For CPU-only inference, generation speed is memory-bandwidth bound, not compute-bound. Setting more threads than your CPU’s memory channel count will hurt performance.

# Recommended for a 16-core server with 8 memory channels:
igllama api model.gguf \
  --threads 8 \
  --threads-batch 16 \
  --mlock \
  --ctx-size 8192

Why separate thread counts?

  • --threads controls generation (one token at a time = GEMV). Optimal = memory channel count.
  • --threads-batch controls prefill (processing the prompt = GEMM).

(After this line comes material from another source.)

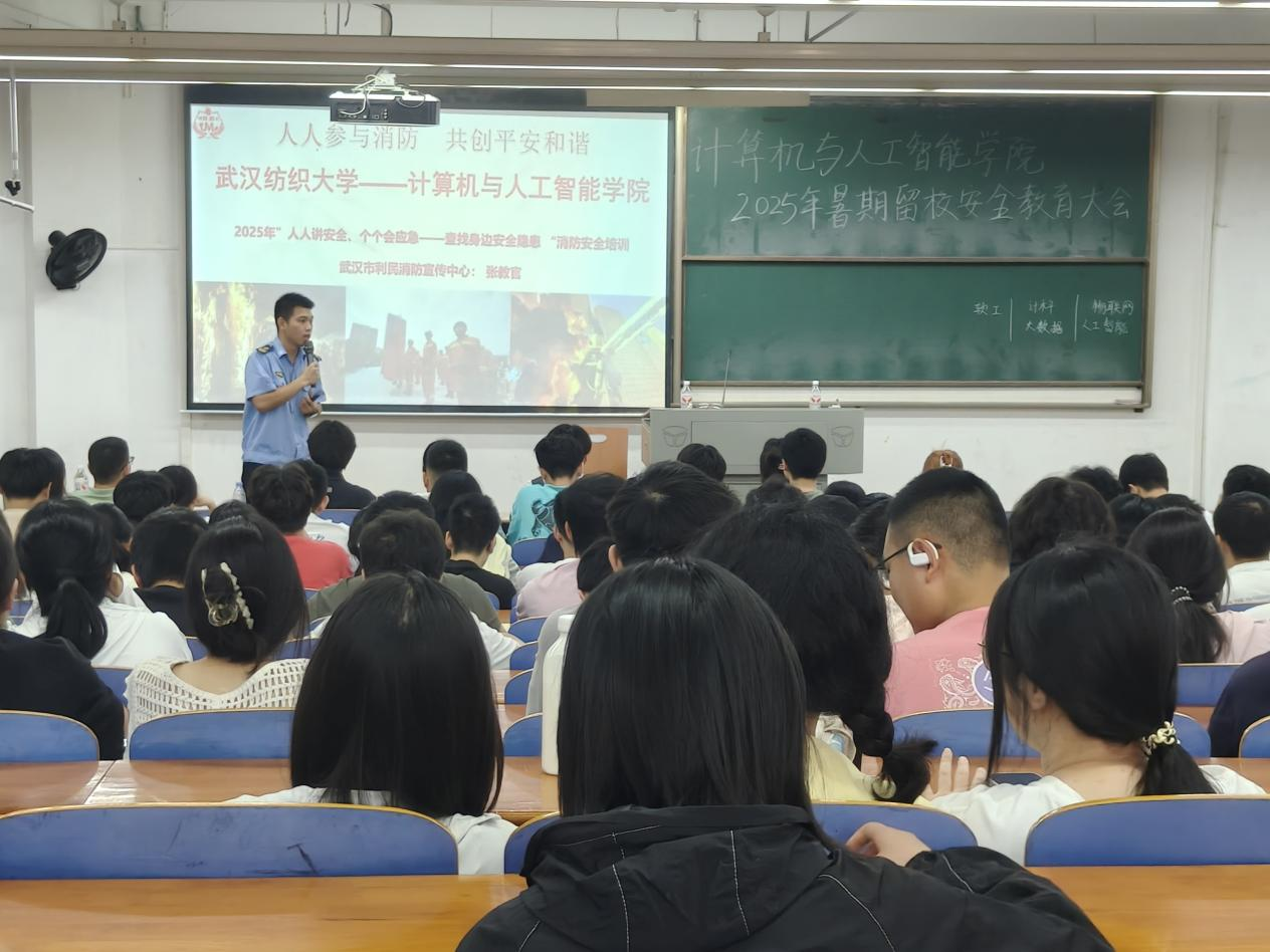 最后,利民消防中心讲解员张教官为同学们开展了暑期消防安全专题培训。他围绕火灾隐患排查、灭火器材使用、应急逃生技巧等内容进行了系统讲解,并结合真实案例深入剖析了火灾的危害性及应急处置要点。通过现场互动,进一步增强了同学们在突发情况下的应对意识和自救能力。张教官强调,同学们应熟练掌握基本的灭火技能和逃生方法,切实提升安全防范意识,同时积极将所学知识传递给家人和朋友,共同营造安全、和谐的社会环境。

Scales with total cores.
  • --mlock pins the model in physical RAM. Critical on servers where RAM is tight.

See the Benchmark Showcase for measured results on AMD EPYC-Rome hardware.

/v1/chat/completions

Method: POST

Request:

{"model":"default","messages":[{"role":"user","content":"Hello!"}],"stream":false}

Response:

{"id":"chatcmpl-123","object":"chat.completion","choices":[{"index":0,"message":{"role":"assistant","content":"Hi!"},"finish_reason":"stop"}]}

curl:

curl http://localhost:8080/v1/chat/completions -H "Content-Type: application/json" -d '{"model":"default","messages":[{"role":"user","content":"Hi"}]}'

Streaming

Set stream: true for SSE streaming:

curl http://localhost:8080/v1/chat/completions -H "Content-Type: application/json" -d '{"model":"default","messages":[{"role":"user","content":"Hi"}],"stream":true}'

Stream format (OpenAI-compatible, v0.3.6+):

data: {"id":"chatcmpl-123","object":"chat.completion.chunk","created":1234567890,"model":"model.gguf","choices":[{"index":0,"delta":{"role":"assistant","content":""},"finish_reason":null}]}

data: {"id":"chatcmpl-123","object":"chat.completion.chunk","created":1234567890,"model":"model.gguf","choices":[{"index":0,"delta":{"content":"Hello"},"finish_reason":null}]}

data: {"id":"chatcmpl-123","object":"chat.completion.chunk","created":1234567890,"model":"model.gguf","choices":[{"index":0,"delta":{},"finish_reason":"stop"}]}

data: [DONE]

/v1/embeddings

Method: POST

Request:

{"model":"default","input":["Hello world"]}

Response:

{"object":"list","data":[{"object":"embedding","index":0,"embedding":[0.123,-0.456]}],"usage":{"prompt_tokens":2,"total_tokens":2}}

curl:

curl http://localhost:8080/v1/embeddings -H "Content-Type: application/json" -d '{"model":"default","input":"Hello"}'

/health

Method: GET

Response: {"status":"ok","model":"loaded"}

curl http://localhost:8080/health

Error Handling

StatusDescription
200Success
400Invalid request
404Not found
500Server error

CORS

Access-Control-Allow-Origin: *
Access-Control-Allow-Methods: GET, POST, OPTIONS

Examples

Python (Non-streaming)

import requests

response = requests.post(
    "http://localhost:8080/v1/chat/completions",
    json={
        "model": "default",
        "messages": [
            {"role": "system", "content": "You are helpful."},
            {"role": "user", "content": "Hello!"}
        ],
        "max_tokens": 100
    }
)

print(response.json()["choices"][0]["message"]["content"])

Python (Streaming)

import requests

response = requests.post(
    "http://localhost:8080/v1/chat/completions",
    json={"model": "default", "messages": [{"role": "user", "content": "Hello"}], "stream": True},
    stream=True
)

for line in response.iter_lines():
    if line:
        print(line.decode())

JavaScript (Streaming)

const response = await fetch('http://localhost:8080/v1/chat/completions', {
  method: 'POST',
  headers: { 'Content-Type': 'application/json' },
  body: JSON.stringify({ model: 'default', messages: [{ role: 'user', content: 'Hi' }], stream: true })
});

const reader = response.body.getReader();
const decoder = new TextDecoder();

while (true) {
  const { value, done } = await reader.read();
  if (done) break;
  for (const line of decoder.decode(value).split('\n')) {
    if (line.startsWith('data: ') && !line.includes('[DONE]')) {
      console.log(JSON.parse(line.slice(6)).choices[0].delta.content);
    }
  }
}

Model Compatibility

The API server works with any GGUF model file. GGUF (Georgi Gerganov Unified Format) is the standard format for llama.cpp-compatible models including Llama, Mistral, Qwen, Phi, and Gemma families.

For best results, use models with chat templates for multi-turn conversations.